> **Work task**:
Return the data below unchanged. Drop any pictures.

> **Data segment**:

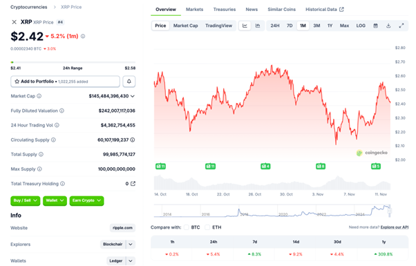 XRP(リップル)は2ドル台半ばを中心に往来。発行元のRippleが11/5に5億ドルの資金調達を実施し、評価額400億ドルが報じられるなど、基盤事業の強化が注目材料となりました。もっとも、現物ETFの正式承認はまだ流動的で、思惑先行の値動きには留意が必要です。
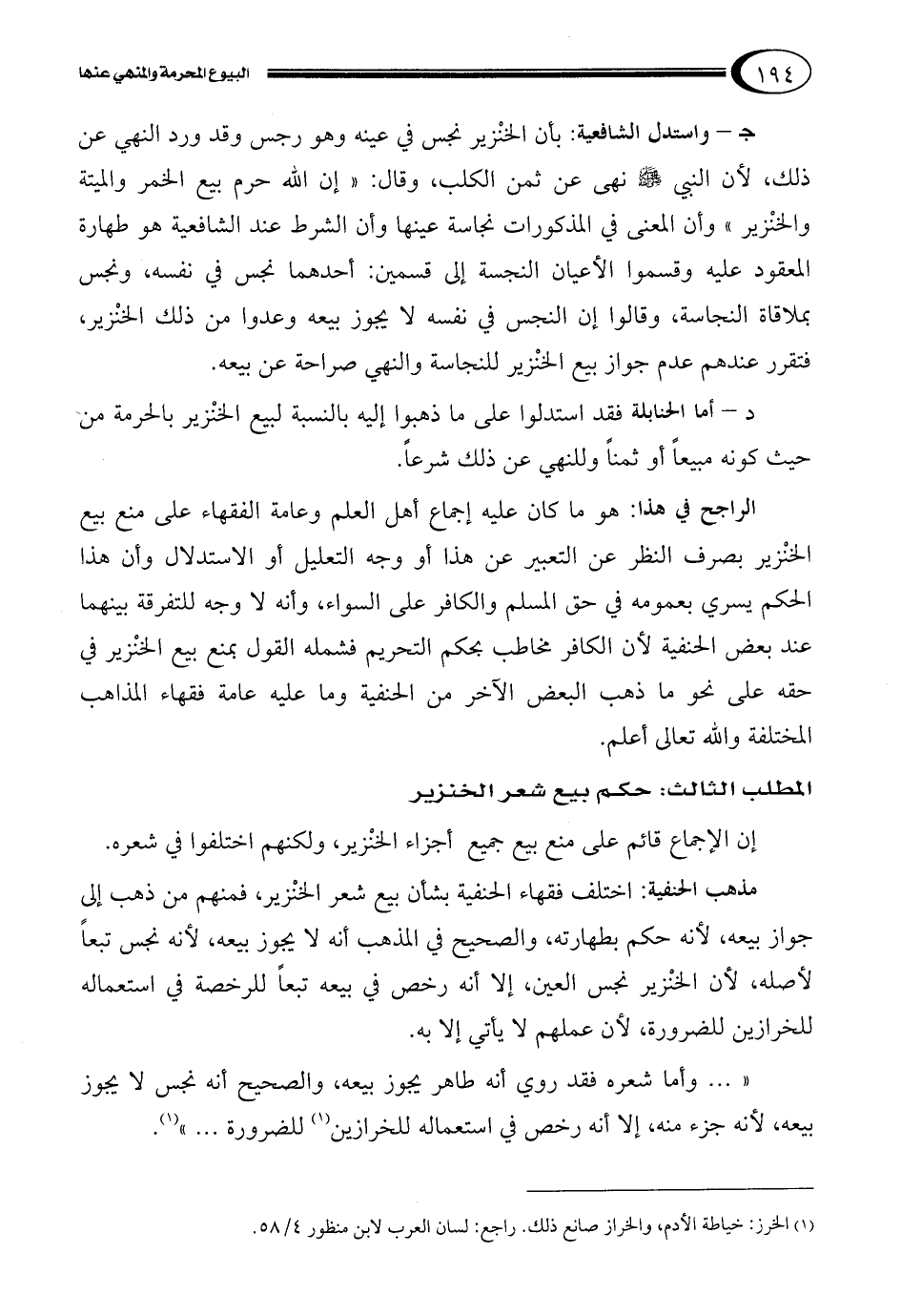 د – أما الحنابلة فقد استدلوا على ما ذهبوا إليه بالنسبة لبيع الخنْزير بالحرمة من حيث كونه مبيعاً أو ثمناً وللنهي عن ذلك شرعاً.
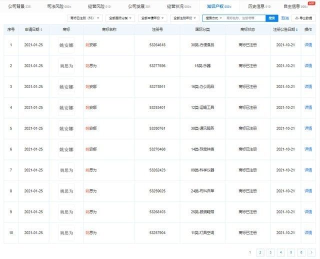 企查查App顯示,近期,華為技術有限公司成功注冊姚思為、YAO SIWEI、ANNABEL YAO商標,商標國際分類涉服裝鞋帽、方便食品等。企查查顯示,華為目前也已經完成了姚安娜商標的注冊。據悉,姚安娜原名為姚思為,為華為創始人任正非的小女兒。 ANNABEL YAO為其英文名字。https://www.m.mcore.com.cn/

> **Answer for this exercise**:
 XRP(リップル)は2ドル台半ばを中心に往来。発行元のRippleが11/5に5億ドルの資金調達を実施し、評価額400億ドルが報じられるなど、基盤事業の強化が注目材料となりました。もっとも、現物ETFの正式承認はまだ流動的で、思惑先行の値動きには留意が必要です。
 د – أما الحنابلة فقد استدلوا على ما ذهبوا إليه بالنسبة لبيع الخنْزير بالحرمة من حيث كونه مبيعاً أو ثمناً وللنهي عن ذلك شرعاً.
 企查查App顯示,近期,華為技術有限公司成功注冊姚思為、YAO SIWEI、ANNABEL YAO商標,商標國際分類涉服裝鞋帽、方便食品等。企查查顯示,華為目前也已經完成了姚安娜商標的注冊。據悉,姚安娜原名為姚思為,為華為創始人任正非的小女兒。 ANNABEL YAO為其英文名字。https://www.m.mcore.com.cn/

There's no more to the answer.